• **DESCRIPTION OF THE TASK**
Each line of the data below from the one holding "NDC 0143-9502-01 Rx" to the one holding "ArtBlock improves the", inclusive, is to be reproduced exactly; no other line belongs in the answer.

• **ENTRIES SUPPLIED**
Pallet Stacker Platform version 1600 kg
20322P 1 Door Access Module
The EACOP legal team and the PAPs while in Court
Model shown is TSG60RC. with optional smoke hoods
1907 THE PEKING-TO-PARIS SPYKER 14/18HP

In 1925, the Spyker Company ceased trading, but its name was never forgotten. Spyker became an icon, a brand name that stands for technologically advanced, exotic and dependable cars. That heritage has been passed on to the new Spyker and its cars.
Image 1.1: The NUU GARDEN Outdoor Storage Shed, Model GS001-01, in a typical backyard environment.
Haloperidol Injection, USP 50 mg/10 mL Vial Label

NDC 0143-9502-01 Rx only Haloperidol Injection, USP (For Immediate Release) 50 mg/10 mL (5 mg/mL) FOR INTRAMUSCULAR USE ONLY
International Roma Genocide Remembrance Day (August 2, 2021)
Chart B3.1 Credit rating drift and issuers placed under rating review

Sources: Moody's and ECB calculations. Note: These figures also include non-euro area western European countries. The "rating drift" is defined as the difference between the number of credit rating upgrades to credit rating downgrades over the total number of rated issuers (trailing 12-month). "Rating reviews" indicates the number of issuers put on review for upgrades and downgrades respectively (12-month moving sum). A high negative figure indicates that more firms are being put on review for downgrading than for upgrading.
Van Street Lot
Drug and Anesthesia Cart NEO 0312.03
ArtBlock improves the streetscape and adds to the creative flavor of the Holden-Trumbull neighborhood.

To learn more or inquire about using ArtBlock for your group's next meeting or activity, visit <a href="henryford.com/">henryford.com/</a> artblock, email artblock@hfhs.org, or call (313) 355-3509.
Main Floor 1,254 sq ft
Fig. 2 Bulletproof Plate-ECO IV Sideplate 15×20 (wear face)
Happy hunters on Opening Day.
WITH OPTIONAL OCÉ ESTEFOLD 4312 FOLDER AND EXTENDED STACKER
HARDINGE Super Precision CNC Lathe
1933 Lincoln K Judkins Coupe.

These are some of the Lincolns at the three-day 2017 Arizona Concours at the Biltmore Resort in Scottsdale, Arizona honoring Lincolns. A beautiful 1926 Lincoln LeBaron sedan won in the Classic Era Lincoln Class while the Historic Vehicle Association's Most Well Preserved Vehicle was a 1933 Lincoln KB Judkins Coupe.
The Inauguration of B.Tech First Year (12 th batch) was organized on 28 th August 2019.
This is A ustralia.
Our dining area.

---

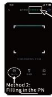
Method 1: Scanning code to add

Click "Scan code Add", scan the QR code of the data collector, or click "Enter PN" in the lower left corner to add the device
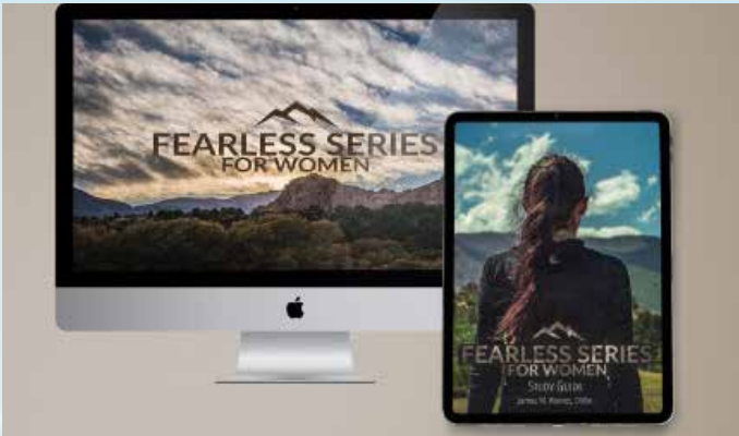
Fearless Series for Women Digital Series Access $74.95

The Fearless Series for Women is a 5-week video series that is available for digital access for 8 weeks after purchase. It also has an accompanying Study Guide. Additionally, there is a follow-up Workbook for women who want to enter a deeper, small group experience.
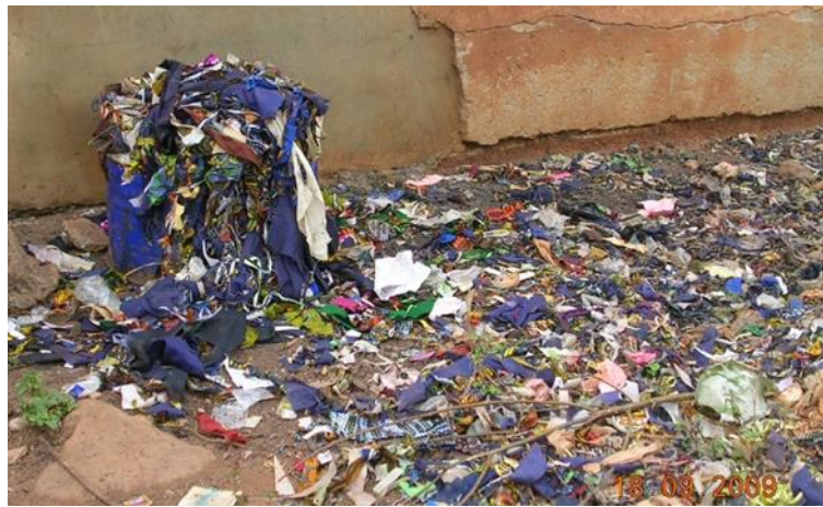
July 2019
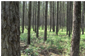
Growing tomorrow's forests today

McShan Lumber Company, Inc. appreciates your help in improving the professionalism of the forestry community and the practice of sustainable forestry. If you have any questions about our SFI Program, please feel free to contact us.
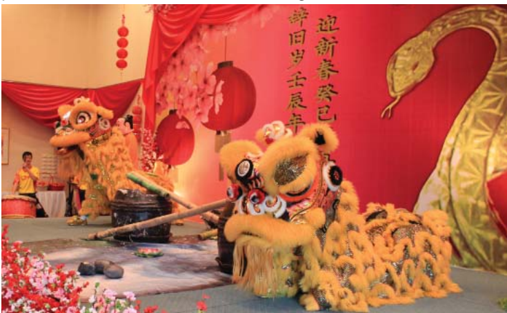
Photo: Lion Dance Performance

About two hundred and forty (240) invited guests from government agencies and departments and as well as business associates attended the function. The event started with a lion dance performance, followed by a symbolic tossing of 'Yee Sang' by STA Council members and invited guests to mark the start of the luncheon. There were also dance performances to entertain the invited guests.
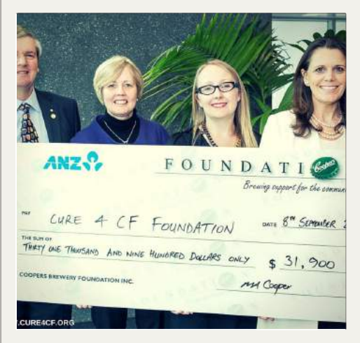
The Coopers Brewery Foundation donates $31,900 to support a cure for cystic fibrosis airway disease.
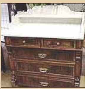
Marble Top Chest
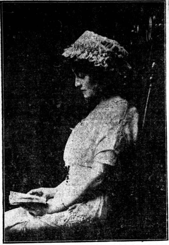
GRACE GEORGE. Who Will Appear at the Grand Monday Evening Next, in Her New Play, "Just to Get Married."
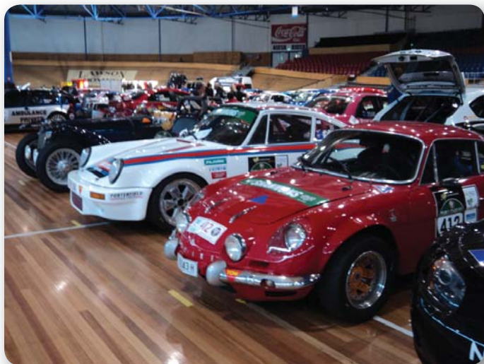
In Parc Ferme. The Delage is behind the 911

• **RESPONSE AREA**
NDC 0143-9502-01 Rx only Haloperidol Injection, USP (For Immediate Release) 50 mg/10 mL (5 mg/mL) FOR INTRAMUSCULAR USE ONLY
International Roma Genocide Remembrance Day (August 2, 2021)
Chart B3.1 Credit rating drift and issuers placed under rating review

Sources: Moody's and ECB calculations. Note: These figures also include non-euro area western European countries. The "rating drift" is defined as the difference between the number of credit rating upgrades to credit rating downgrades over the total number of rated issuers (trailing 12-month). "Rating reviews" indicates the number of issuers put on review for upgrades and downgrades respectively (12-month moving sum). A high negative figure indicates that more firms are being put on review for downgrading than for upgrading.
Van Street Lot
Drug and Anesthesia Cart NEO 0312.03
ArtBlock improves the streetscape and adds to the creative flavor of the Holden-Trumbull neighborhood.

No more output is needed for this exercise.